Start of Block

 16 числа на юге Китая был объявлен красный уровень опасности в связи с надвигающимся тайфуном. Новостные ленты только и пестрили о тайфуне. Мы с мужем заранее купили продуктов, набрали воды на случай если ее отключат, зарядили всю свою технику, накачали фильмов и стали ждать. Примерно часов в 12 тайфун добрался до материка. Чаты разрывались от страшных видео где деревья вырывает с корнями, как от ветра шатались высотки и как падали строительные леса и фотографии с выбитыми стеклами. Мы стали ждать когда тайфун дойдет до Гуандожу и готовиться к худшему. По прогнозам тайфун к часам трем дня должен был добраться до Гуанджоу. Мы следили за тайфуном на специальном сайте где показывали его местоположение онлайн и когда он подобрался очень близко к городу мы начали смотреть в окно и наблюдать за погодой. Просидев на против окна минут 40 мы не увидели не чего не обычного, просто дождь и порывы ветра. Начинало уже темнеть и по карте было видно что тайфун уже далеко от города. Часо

End of Block
Start of Block

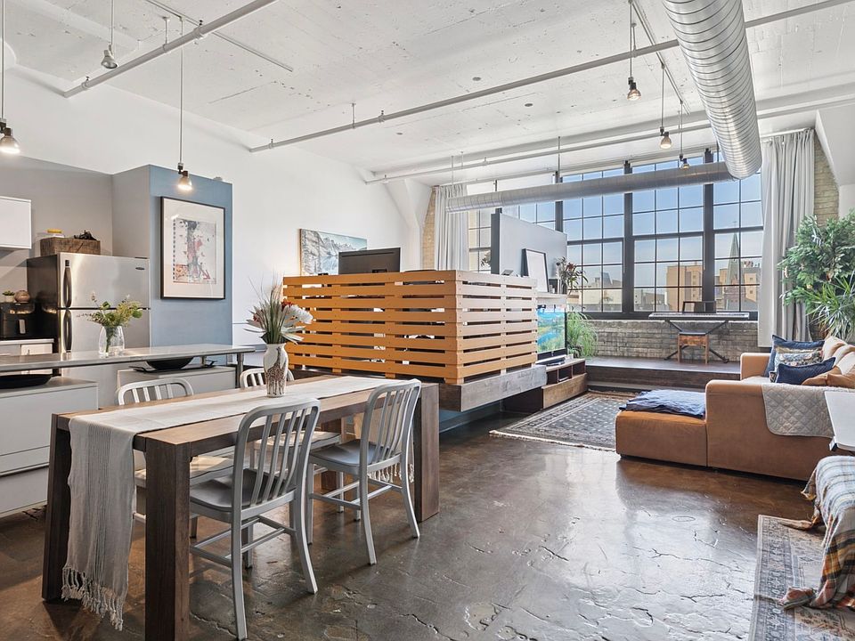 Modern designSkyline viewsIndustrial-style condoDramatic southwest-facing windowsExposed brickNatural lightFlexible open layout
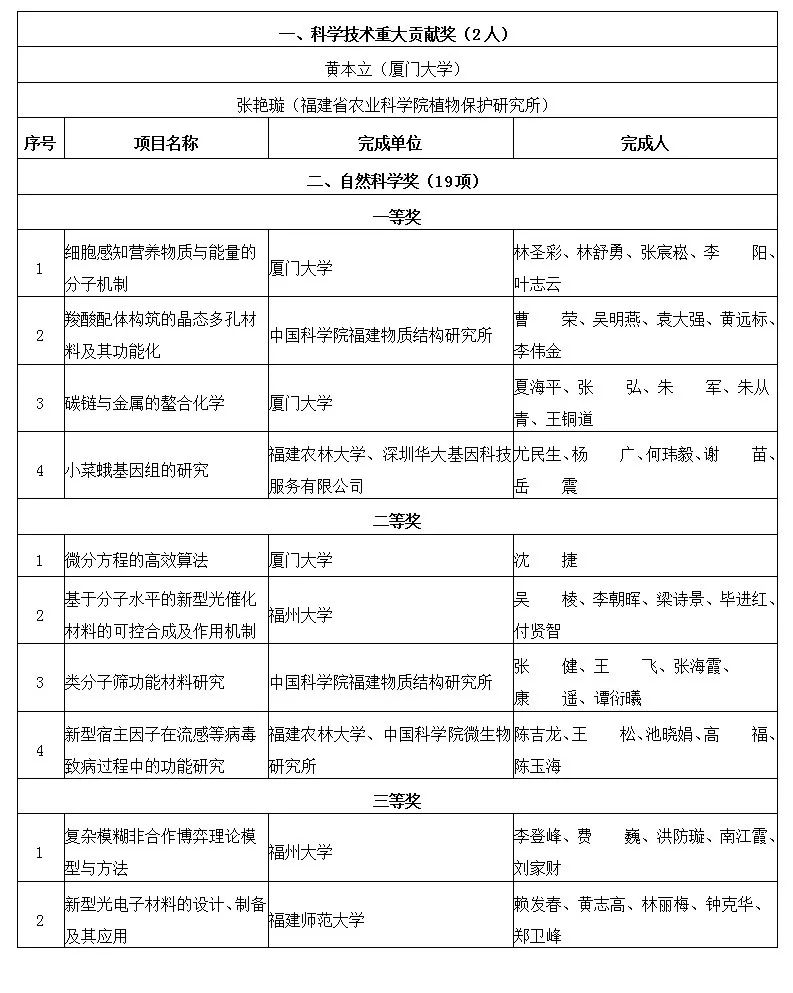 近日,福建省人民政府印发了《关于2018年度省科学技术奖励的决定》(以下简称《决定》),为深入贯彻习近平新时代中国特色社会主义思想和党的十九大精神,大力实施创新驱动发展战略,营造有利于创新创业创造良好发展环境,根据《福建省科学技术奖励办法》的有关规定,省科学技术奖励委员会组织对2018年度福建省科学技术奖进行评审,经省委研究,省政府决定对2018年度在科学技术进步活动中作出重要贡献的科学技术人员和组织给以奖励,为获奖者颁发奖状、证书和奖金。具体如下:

End of Block

• _EXERCISE REQUIREMENTS_
Please return the material above only from the line that holds "Modern designSkyline viewsIndustrial-style" through the line that holds "近日,福建省人民政府印发了《", exactly as it stands, ends included and pictures omitted.

• _FINISHED TASK_
 Modern designSkyline viewsIndustrial-style condoDramatic southwest-facing windowsExposed brickNatural lightFlexible open layout
 近日,福建省人民政府印发了《关于2018年度省科学技术奖励的决定》(以下简称《决定》),为深入贯彻习近平新时代中国特色社会主义思想和党的十九大精神,大力实施创新驱动发展战略,营造有利于创新创业创造良好发展环境,根据《福建省科学技术奖励办法》的有关规定,省科学技术奖励委员会组织对2018年度福建省科学技术奖进行评审,经省委研究,省政府决定对2018年度在科学技术进步活动中作出重要贡献的科学技术人员和组织给以奖励,为获奖者颁发奖状、证书和奖金。具体如下:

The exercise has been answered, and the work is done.